Washington, DC. – The Consumer Federation of America (CFA) called on the Maryland House of Delegates and the Maryland Senate to defeat an effort by the insurance industry to pass legislation enshrining insurers’ use of credit scoring for determining auto insurance eligibility and setting premiums. The consumer group criticized the members of the Maryland House Economic Matters Committee who, today, gutted a reform bill that would have eliminated the credit score penalty imposed on many safe drivers in Maryland (H.B. 436—Delegate Wells) and replaced it with an industry-sponsored placebo that does nothing to address the disproportionate, unfair, and unnecessary impact that insurer use of credit scoring has on Maryland drivers.
“Maryland politicians who set the rules for auto insurance markets decided to cater to insurance lobbyists rather than stand up for consumers,” said Douglas Heller, CFA’s Director of Insurance. “State law requires drivers to purchase auto insurance, so state lawmakers have a responsibility to ensure a fair marketplace. Instead, they have preserved a status quo that leaves high premiums in place for those least able to afford coverage as well as many other Marylanders who get punished for blemishes on their credit score even when they have an unblemished driving record.”

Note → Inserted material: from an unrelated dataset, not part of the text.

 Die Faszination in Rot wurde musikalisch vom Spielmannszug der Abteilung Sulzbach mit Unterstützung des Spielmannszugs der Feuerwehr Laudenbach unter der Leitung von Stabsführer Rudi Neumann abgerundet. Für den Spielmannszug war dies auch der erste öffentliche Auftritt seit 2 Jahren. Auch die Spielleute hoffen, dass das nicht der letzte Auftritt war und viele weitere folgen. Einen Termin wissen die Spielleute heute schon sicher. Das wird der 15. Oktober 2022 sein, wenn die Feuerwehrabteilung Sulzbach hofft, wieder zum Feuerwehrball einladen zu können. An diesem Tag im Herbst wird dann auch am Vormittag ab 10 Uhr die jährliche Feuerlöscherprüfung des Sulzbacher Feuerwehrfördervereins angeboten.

CFA noted that the Committee’s dismantling of the credit score ban took the form of an amendment that replaced the prohibition with an industry strategy intended to ward off meaningful reform. The amendment is based on proposals that insurance industry lobbyists have promoted in other states contemplating reforms; it adds a very weak provision to Maryland law allowing consumers to ask their insurance companies to reevaluate their premiums based on credit score under certain circumstances. Under the industry-sponsored amendment, insurers will still be allowed to charge a driver with a perfect safety record but a less-than-excellent credit history more than a driver with an excellent credit score and a conviction for driving under the influence, a problem exposed by Consumer Reports.

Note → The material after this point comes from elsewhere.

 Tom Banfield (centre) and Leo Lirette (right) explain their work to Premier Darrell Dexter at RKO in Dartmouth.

The original bill was supposed to address an aspect of pricing in Maryland’s auto insurance market that has been especially harmful to Black and Brown drivers, who have long-faced systemic biases that have resulted in lower average credit scores and, therefore, higher auto premiums. The credit impact, even for drivers with perfect driving records, amplifies other problems in the auto insurance market that makes coverage less available and more expensive for communities of color. An analysis by CFA and the Maryland Consumer Rights Coalition found that zip codes with a majority Black population already pay far higher premiums than zip codes with a majority white population, even before accounting for the disparate impact of the use of credit by insurers.

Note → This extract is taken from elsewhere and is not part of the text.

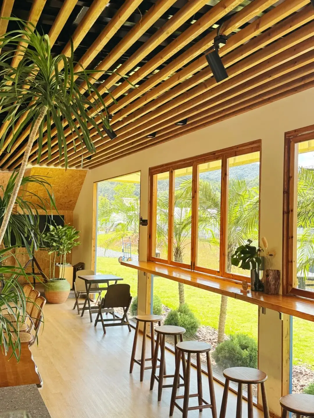 摆放着原木色的桌椅,角落里放置了几盆绿植,阳光透过落地窗照射进来,于木地板上勾勒出一格一格的光影。

“Credit scores in auto insurance result in Maryland drivers paying hundreds or even thousands of dollars more for auto insurance, even when they have perfect driving records,” said Michael DeLong, CFA’s Research and Advocacy Associate. “Rather than challenge insurance companies to better serve Maryland’s communities of color and other financially vulnerable consumers, the Committee has decided to preserve a system that makes safe drivers subsidize drunk drivers who happen to have good credit.”